Spotify | Crosby, Stills and Nash announce the withdrawal of their music

(New York) Formerly united in a group that has remained legendary, David Crosby, Stephen Stills and Graham Nash announced on Wednesday that they had requested the withdrawal of their music from Spotify, like their ex-companion Neil Young who provoked the move last week.

Posted at 4:55 p.m.

“We support Neil and agree with him: Joe Rogan’s podcast on Spotify is dangerous misinformation,” the three folk rock musicians including Crosby, Stills, Nash and Young wrote in a statement. , was established in California in 1968.

Their former sidekick, American-Canadian Neil Young, accused Spotify of misinformation about COVID-19 by hosting popular and controversial Joe Rogan’s podcast and asked on January 26 to remove his music from the streaming platform.

“While being committed to the expression of alternative opinions, knowingly spreading disinformation during this global pandemic has deadly consequences”, believe Crosby, Still and Nash.

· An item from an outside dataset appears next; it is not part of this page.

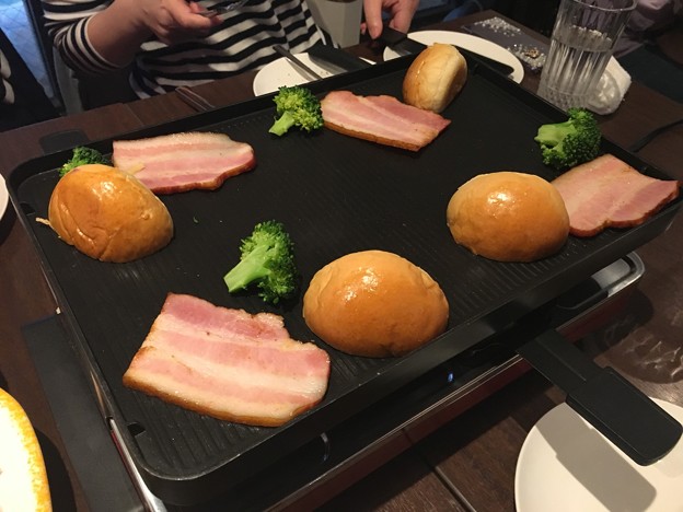 上の鉄板にはベーコンやパンなどを置いて焼き

“Until there is real action to show that there must be a balance between the (well-being of) humanity and commerce, we do not want our music – or the music we have played together – or on this same platform”, they conclude.

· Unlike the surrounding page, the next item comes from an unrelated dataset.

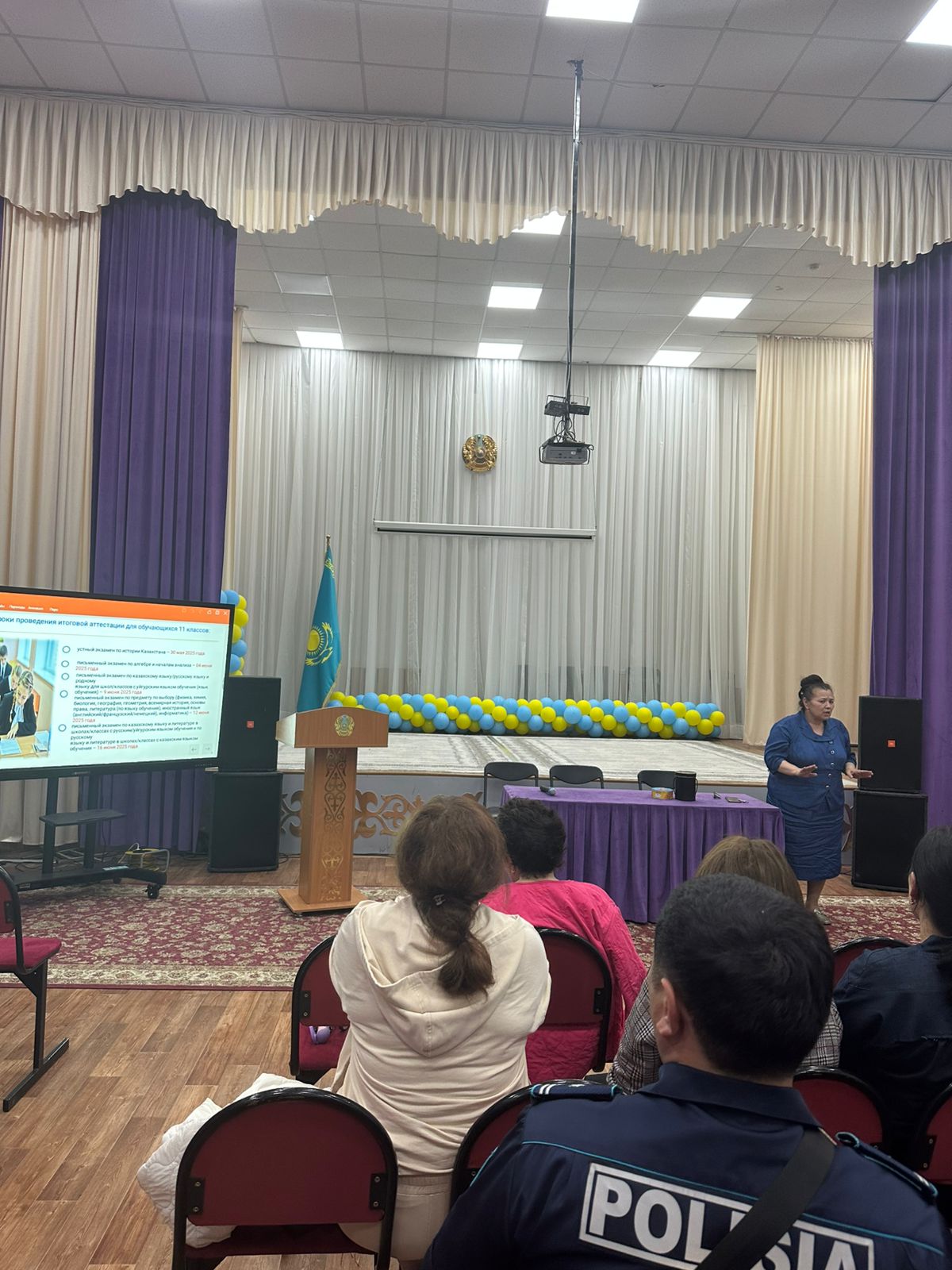 11 класс - важный этап жизни старшеклассников. Это последний год обучения в школе. За это время ученики готовятся к выпускным и вступительным экзаменам; осознают себя как личность, понимают сущность своего «Я», чтобы в дальнейшем успешно реализовать свои способности и возможности; осуществить осознанный выбор профессии, сочетая «хочу» - «могу» - «надо». Поэтому важно осуществлять тесное взаимодействие семьи и школы. Зауреш Оразовна акцентировала внимание родителей усилить контроль над посещаемостью учениками уроков, консультационных занятий, контролировать подготовку к ИА и ЕНТ, а также режимом дня выпускников.

Neil Young was followed in his opposition to Spotify by Canadian folk singer Joni Mitchell and Quebec poet and singer-songwriter Gilles Vigneault, leading to a movement to unsubscribe from Spotify on social networks.

And Britain’s Prince Harry and his American wife Meghan Markle — who have signed an estimated $25 million deal with the platform — have expressed “concerns” to the streaming giant.

To try to extinguish the fire, Spotify announced measures on Sunday, such as the introduction, in all its podcasts evoking the COVID-19, of links which will guide its users to factual and scientifically based information, according to its CEO Daniel Ek.

Through their multiple separations and reunifications in twos, threes or fours, Crosby, Still, Nash and Young-aged 76 to 80-marked the history of folk rock from the late 1960s to the 2010s. notably performed at the legendary Woodstock festival in August 1969.